Amazingly, no amount of mind control or sheer stubbornness made those floral wreaths shrink. At one point in the morning I gathered up several other contenders–a flower-covered basket that said “Welcome”, a metal pot of metal flowers–and suggested we buy both of them and take them back to her place. I would return either one or both if they didn’t work on her door.
Now I know some of you crafty people out there are thinking, “Doesn’t More Pie know that she could buy a small straw wreath and decorate it herself with some of the hundreds of silk flowers Michael’s sells? It would be so EASY.”
No, it wouldn’t. Sorry. I would rather stab myself in the eye with a silk lilac stem than craft a wreath. It would look like crap and would end up in the dumpster the contractor parked in our driveway last month.
(By the way, the dumpster is still here and Banjo Man is still in love with it.)
As we made one more slow round of the spring decorations aisles, I spotted a round wooded sign with a bunny painted on it. My mother’s face lit up and I realized we might possibly be at the end of our quest. I rushed to the cashier with the bunny sign and the metal flower pot hanger before Mom could change her mind again.
Then we celebrated by having lunch at Ninety Nine next door. I highly recommend the Chicken Fried Dinner with mashed potatoes. Mom loves the burgers. She managed to eat quite a bit of hers, which was good to see.
The bunny is on the door and is a big hit at the Assisted Living home. Much better than a giant wreath, don’t you think?
I have searched for a childhood photo of her, but I’m having trouble. Everything is still packed and I’m operating from one small corner of my office, which I am so happy to have back after over three weeks in the basement.
We’re still in the basement, but I’ve reclaimed a few spots upstairs. Heaven!
So happy birthday, Nancy. The sun is shining and the sky is blue, so enjoy.
Yesterday we took Nancy and my mother out to breakfast at Denny’s, about half an hour or so north of here. We all love breakfast, so it was a no brainer.
Mom and I have eaten there several times this winter–the handicapped parking is great and the waitstaff are so darned nice–but Banjo Man and NancyK had never joined us.
We partied with pancakes, French toast, eggs, bacon, sausage and hash browns. So much fun! The place was packed.
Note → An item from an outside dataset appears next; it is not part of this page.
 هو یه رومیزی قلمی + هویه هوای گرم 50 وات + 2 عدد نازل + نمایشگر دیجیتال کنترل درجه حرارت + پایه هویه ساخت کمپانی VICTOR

The waiter came over while we were inhaling all those carbs and asked Banjo Man if his name was “Bob”. No, my husband said. “I’m not Bob.”
“Well, the old gentleman over there thought he knew you.”
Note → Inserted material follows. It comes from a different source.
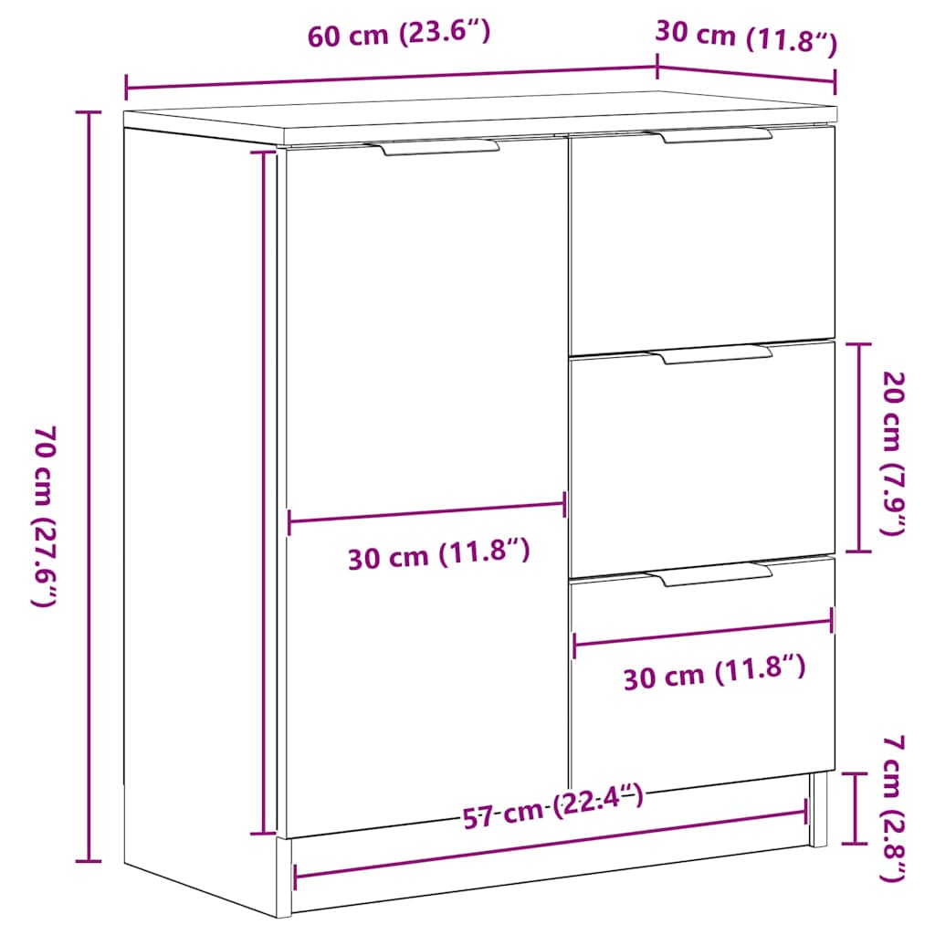 - Algemene afmetingen: 60 x 30 x 70 cm (L x B x H)

“Not me”, Banjo Man said, putting down his fork. I knew he wouldn’t be able to resist and of course, off he went to meet the man who thought he was Bob. He didn’t return for a while and was deep in conversation with the elderly man (who would turn out to be 95) dining alone in the corner.
When Banjo Man returned to the table he told us that “Mr. Kiley” thought he knew him from the Knights of Columbus. They’d had a great conversation and planned to meet for lunch in a few weeks. Mr. Kiley’s wife of 65 years had died and he was lonely. He was also a World War II veteran.
This wasn’t the first time Banjo Man had been mistaken for someone else. Years ago in Austin a famous 70’s rocker was thrilled to see Banjo Man in the audience because he was convinced he had been in his band way back when. Banjo Man had a hard time convincing him that he wasn’t his former guitarist in the London rock scene.
Nancy opened presents and loved her new “Robots in Rowboats” print. She discovered the artist at a shop in Austin last December. Check it out on Etsy.